Saved data entries:
= = = = = = =

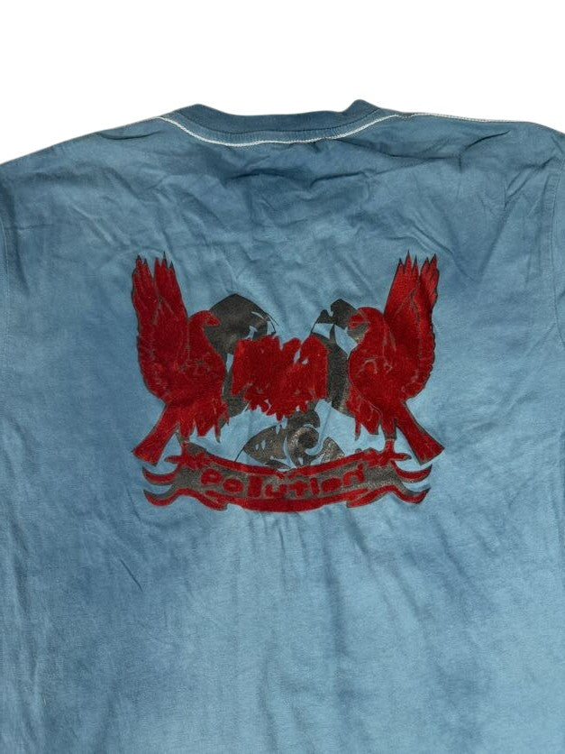 This Pollution T-shirt blends edgy streetwear with all-day comfort, featuring a signature distressed design and bold graphic details. Crafted from high-quality textured fabric, it offers a rugged yet stylish look perfect for layering or wearing solo.
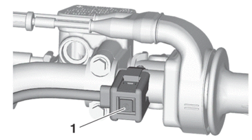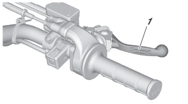 The front brake lever “1” is located on the right handlebar. Pull it toward the handlebar to activate the front brake.
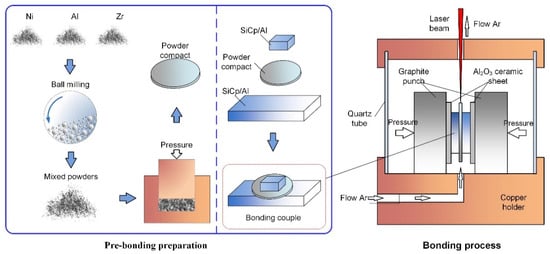 The laser-induced exothermic bonding of SiCp/Al composites was conducted under the protection of argon to avoid the adverse effect of oxygen. The joining schematic diagram is represented in Figure 2. During the bonding, the exothermic interlayer was applied between the SiCp/Al composites. A laser beam (YAG-W100E, P = 200 W, Han’s Laser Technology Industry Group Co., Ltd., Shenzhen, China) heated and ignited the interlayer. Then, the combustion flame propagated to the other side and finished the bonding process.
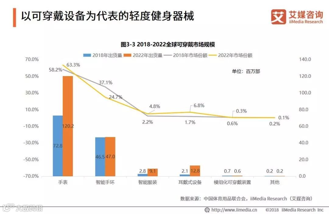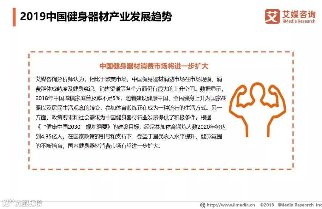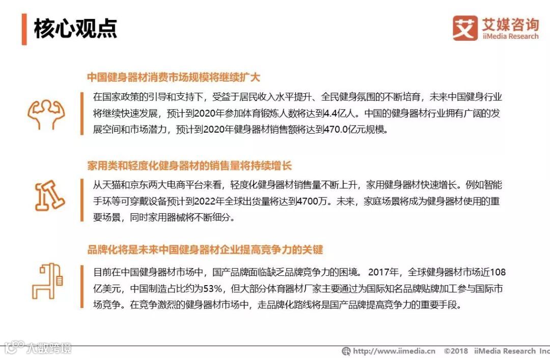 在国家政策的引导和支持下,受益于居民收入水平提升、全民健身氛围的不断培育,未来中国健身行业将继续快速发展,预计到2020年参加体育锻炼人数将达到4.4亿人。中国的健身器材行业拥有广阔的发展空间和市场潜力,预计到2020年健身器材销售额将达到470.0亿元规模。根据电商平台的数据显示,轻度化健身器材销售量不断上升,家用健身器材快速增长。例如智能手环等可穿戴设备预计到2022年全球出货量将达到4700万。未来,家庭场景将成为健身器材使用的重要场景,同时家用器械将不断细分。目前在中国健身器材市场中,国产品牌面临缺乏品牌竞争力的困境。2017年,全球健身器材市场近108亿美元,中国制造占比约为53%,但大部分体育器材厂家主要通过为国际知名品牌贴牌加工参与国际市场竞争。艾媒咨询分析师认为,在竞争激烈的健身器材市场中,走品牌化路线将是国产品牌提高竞争力的重要手段。(《2019年中国健身器材产业研究与发展趋势预测报告》完整高清PDF版共67页,可点击文章底部下载按钮进行报告下载。)
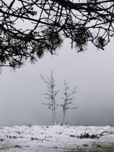 Samen met Thea begon ik aan de klim. Wat op een heldere dag een weids, open landschap zou zijn geweest, werd nu een afgesloten, grijze wereld. Boven op de berg verraste ons een sneeuwstorm. De lucht sloot zich, tijd en ruimte vervaagden. Sneeuw veranderde door de snijdende wind in scherpe ijskristallen die mijn linkerwang geselden. Het wit van de sneeuw bestond niet meer — alleen eindeloos grijs. En elke zeldzame lichtstraal die doorbrak, verblindde me.
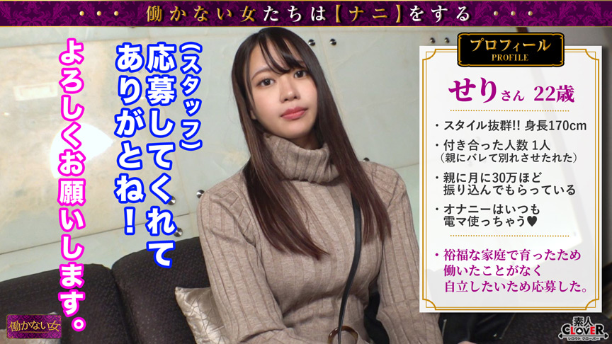 定職に就かずに生きる女性達のリアルを調査!私生活からエッチな事まで徹底深掘りするドキュメンタリー企画!今回の応募者は【親ガチャ一発大当たり!?超お金持ちの家系に生まれた世間知らずのお嬢様『せり』さん】親の監視が厳しく自由がない生活…(※月30万のお小遣い有)そんな彼女に我々スタッフが自立支援のご協力(?)経験人数一人のほぼ新品BODY…!!汚れ無いお嬢様のアナルはまさに気品漂っておりました…。極太バイブ挿入に目覚めるM心!?人生で2本目のおチンポを前にぎこちないフェラがまたそそる…。元カレとはいつもナマだったけど押し切られ予想外の生挿入!処女に等しいマンコにピストンッピストンッ!徐々に大きくなる喘ぎ声…そして迎える絶頂!!初めての生ナカに恍惚の表情を浮かべ『稼ぐって大変ですね…。』と一言。お嬢様、ご協力ありがとうございました。

= = = = = = =

WHAT NEEDS TO BE DONE | An answer containing only the lines from the one holding "Samen met Thea" through the close of the entries above, reproduced exactly and stripped of pictures, is expected.

ANSWER FOR THE TASK |
 Samen met Thea begon ik aan de klim. Wat op een heldere dag een weids, open landschap zou zijn geweest, werd nu een afgesloten, grijze wereld. Boven op de berg verraste ons een sneeuwstorm. De lucht sloot zich, tijd en ruimte vervaagden. Sneeuw veranderde door de snijdende wind in scherpe ijskristallen die mijn linkerwang geselden. Het wit van de sneeuw bestond niet meer — alleen eindeloos grijs. En elke zeldzame lichtstraal die doorbrak, verblindde me.
 定職に就かずに生きる女性達のリアルを調査!私生活からエッチな事まで徹底深掘りするドキュメンタリー企画!今回の応募者は【親ガチャ一発大当たり!?超お金持ちの家系に生まれた世間知らずのお嬢様『せり』さん】親の監視が厳しく自由がない生活…(※月30万のお小遣い有)そんな彼女に我々スタッフが自立支援のご協力(?)経験人数一人のほぼ新品BODY…!!汚れ無いお嬢様のアナルはまさに気品漂っておりました…。極太バイブ挿入に目覚めるM心!?人生で2本目のおチンポを前にぎこちないフェラがまたそそる…。元カレとはいつもナマだったけど押し切られ予想外の生挿入!処女に等しいマンコにピストンッピストンッ!徐々に大きくなる喘ぎ声…そして迎える絶頂!!初めての生ナカに恍惚の表情を浮かべ『稼ぐって大変ですね…。』と一言。お嬢様、ご協力ありがとうございました。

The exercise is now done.